I’m not going to argue with a single thing you wrote, because I know they’re all true. I just want to make it clear that the arrangement in the OP is a violation of my personal ethics. I’m not disputing whether they’d be allowed to marry, or whether he’d be legally entitled to the benefits; of course they would be, and of course he is. I’m not under the impression there’s a law or policy out there saying married people must love each other and that only romantically-in-love married people are allowed to use insurance benefits. I’m just saying that marrying someone I don’t romantically love to use my benefits is wrong to me, and that I could not do it.

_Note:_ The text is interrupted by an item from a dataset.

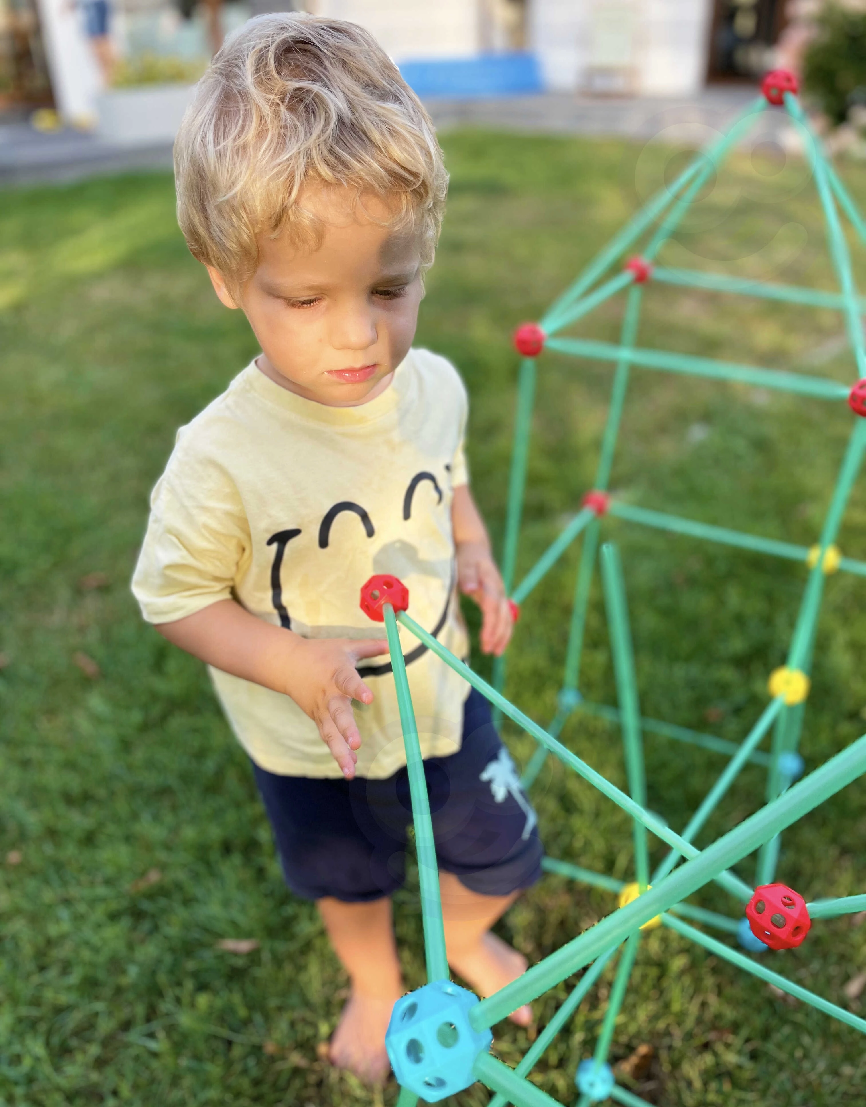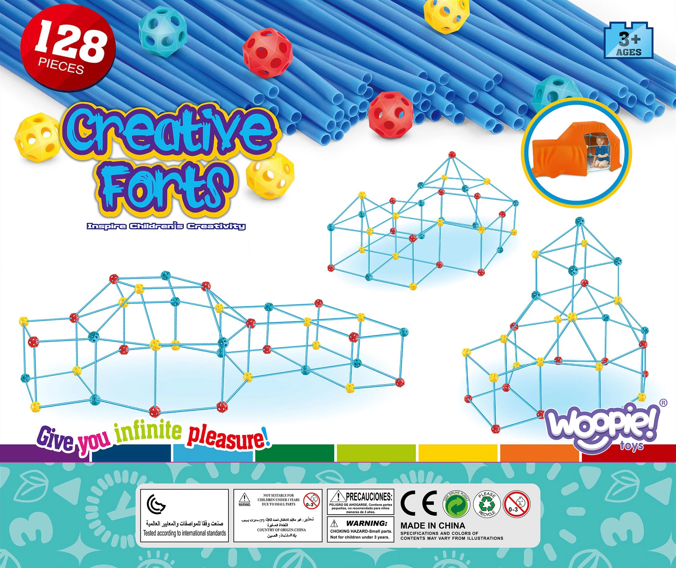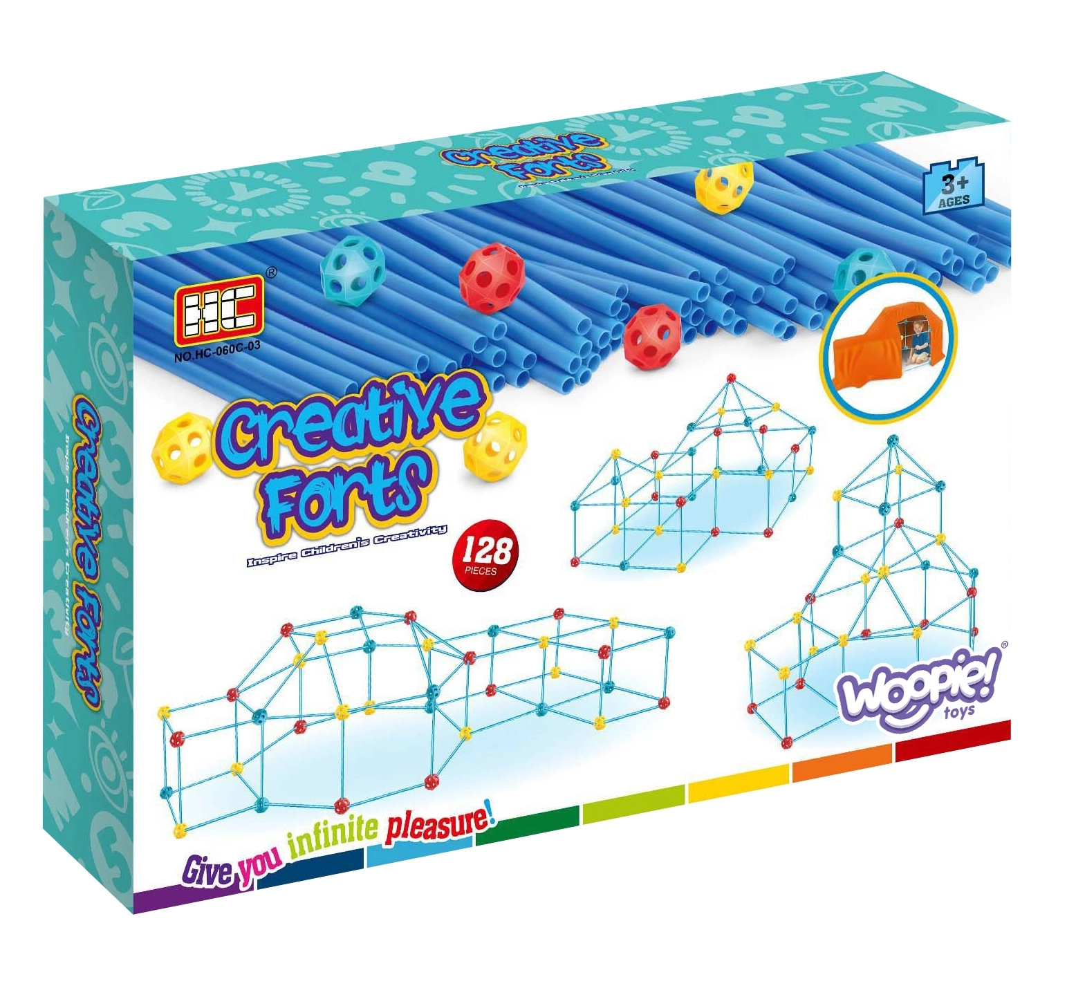 Konstrukcinis rinkinys iš prekės ženklo WOOPIE pažadins jūsų vaikui tikrą statytoją! Rinkinyje yra 128 elementai, įskaitant šiaudelius, jungiamuosius vamzdelius ir medžiagą konstrukcijai uždengti. Leidžia kurti erdvines konstrukcijas, pavyzdžiui, palapinę, kurią galite uždengti audiniu. Puikiai tinka kūrybiškam žaidimui namuose ir lauke.

It’s kinda like how some people think it’s wrong to put ketchup on a hot dog. Just because you think it’s wrong to do so, it doesn’t mean it’s because you believe Oscar Mayer passed laws to that effect or that your use of ketchup is limited by Heinz corporate policy. It’s just wrong for personal reasons.
It is fascinating to me to find out that a 50 year old man can get insurance on his own for $400 a month, yet my husbands insurance would charge us $350 a month to add me. Just Me. 39, female, healthy.
I can have a bleeding heart about many, many things. However, Insurance companies sure as hell ain’t one of 'em.
Between flood insurance, homeowners insurance, car insurance and my husband and daughters insurance, we pay more for all of it than we do for our mortgage, car payment, power bill and cable combined. I’m about insuranced to the last damn dime and still have no health insurance. I’ve not had an accident in over 10 years, never made a homeowners claim, have never made a flood claim. Although I did have a child, at the time, I qualified for my employers health insurance.
Work out the personal crap Alice. Get it in writing, think of everything, then think of a bit more, then follow your heart.
Understood. Thanks.
WAG: Unfortunately, your body is in the terribly dangerous age of being a woman with “woman’s” risks (breast and cervical cancer, osteoporosis, etc.) and not far off from going through menopause and gaining the “men’s” risks (cardiovascular disease, lung cancer, etc.). You’re looking at being pretty healthy right now; they’re looking at a nightmare of possibilities to come in the next 20 years.
(raises hand) That would be me. I’ve used our insurance more in the last 3-4 years than I have in my entire life. Not because I’m sick, but because I might get sick. There’s a list of “supposed to” tests that we need to think about when we’re (ahem) of a certain age. Old people generally need doctorin’ more than young ones.